[Python-Dev] Re: What to do about the Wiki?
Guido van Rossum
guido@python.org
Wed, 31 Jul 2002 12:16:56 -0400
> Guido> Juergen Hermann, Moinmoin's author, said he fixed a few things,
> Guido> but also said that Moinmoin is essentially vulnerable to
> Guido> "recursive wget" (e.g. someone trying to suck up the entire Wiki
> Guido> by following links). Apparently this is what brought the site
> Guido> down this weekend -- if I understand correctly, an in-memory log
> Guido> was growing too fast.
>
> I'm a bit confused by these statements. MoinMoin is a CGI script. I don't
> understand where "recursive wget" and "in-memory log" would come into play.
> I recently fired up two Wikis on the Mojam server. I never see any
> long-running process which would suggest there's an in-memory log which
> could grow without bound. The MoinMoin package does generate HTTP
> redirects, but while they might coax wget into firing off another request,
> it should be handled by a separate MoinMoin process on the server side. You
> should see the load grow significantly as the requests pour in, but
> shouldn't see any one MoinMoin process gobbling up all sorts of resources.
> Jürgen, can you elaborate on these themes a little more?
Juergen seems offline or too busy to respond. Here's what he wrote on
the matter. I guess he's reading the entire log into memory and
updating it there.
| Subject: [Pydotorg] wiki
| From: Juergen Hermann <jh@web.de>
| To: "pydotorg@python.org" <pydotorg@python.org>
| Date: Mon, 29 Jul 2002 20:32:31 +0200
| Hi!
|
| I looked into the wiki, and two things killed us:
|
| a) apart from google hits, some $!&%$""$% did a recursive wget. And the
| wiki spans a rather wide uri space...
|
| b) the event log grows much faster than I'm used to, thus some
| "simple" algorithms don't hold for this size.
|
|
| Solutions:
|
| a) I just updated the wiki software, the current cvs contains a
| robot/wget filter that forbids any access except to "view page" URIs
| (i.e. we remain open to google, but no more open than absolutely
| needed). If need be, we can forbid access altogether, or only allow
| google.
|
| b) I'll install a cron job that rotates the logs, to keep them short.
|
| I shortened the logs manually for now. So if you all agree, we could
| activate the wiki again.
|
|
| Ciao, Jürgen
Reading this again, I think we should give it a try again.
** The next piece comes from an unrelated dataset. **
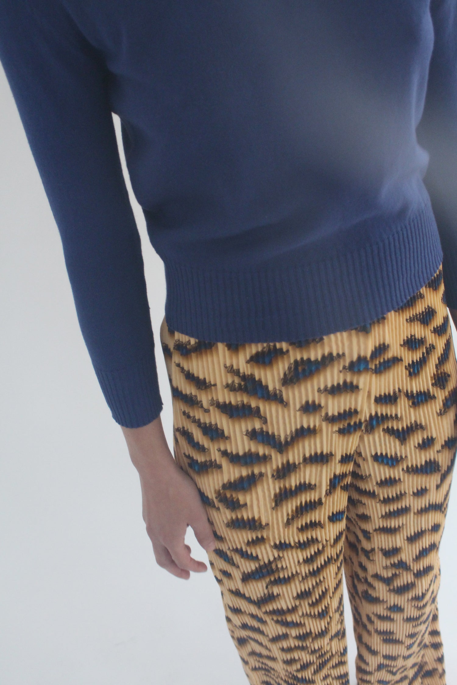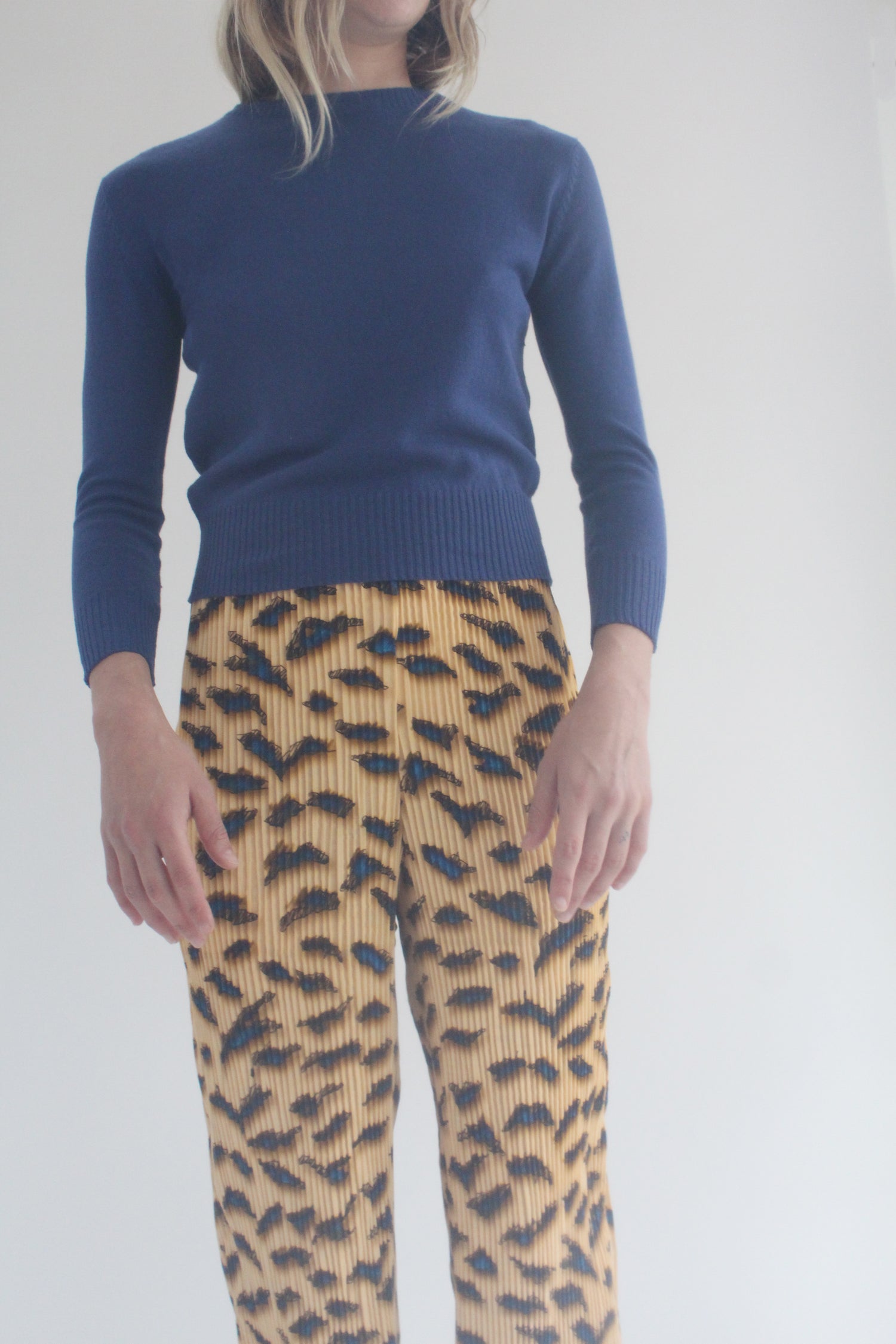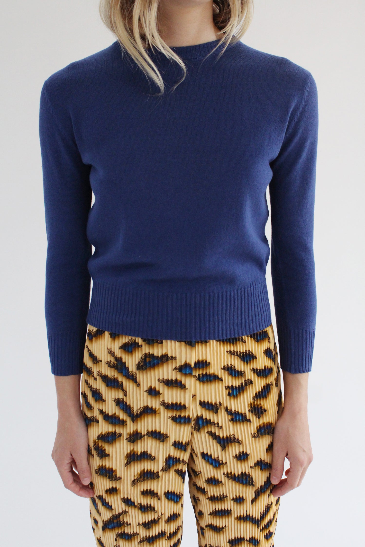 Crewneck cotton knit top. Pairs perfectly with high waisted pants. Light weight, not sheer, wear as a second skin, or on its own. 3" ribbing at cuffs and waist. 100% Cotton. Exclusive to Beklina.

> Guido> I believe that Juergen has fixed the log-growing problem. Should
> Guido> we enable the Wiki again and hope for the best?
>
> With an XS4ALL person at the ready? Perhaps someone can keep a window open
> on creosote running something like
>
> while true ; do
> ps auxww | egrep python | sort -r -n -k 5,5 | head -1
> sleep 15
> done
>
> I'm running out for the next few hours. I'll be happy to run the while loop
> when I return.
We'll watch it here. I know who to write to have it rebooted.
--Guido van Rossum (home page: http://www.python.org/~guido/)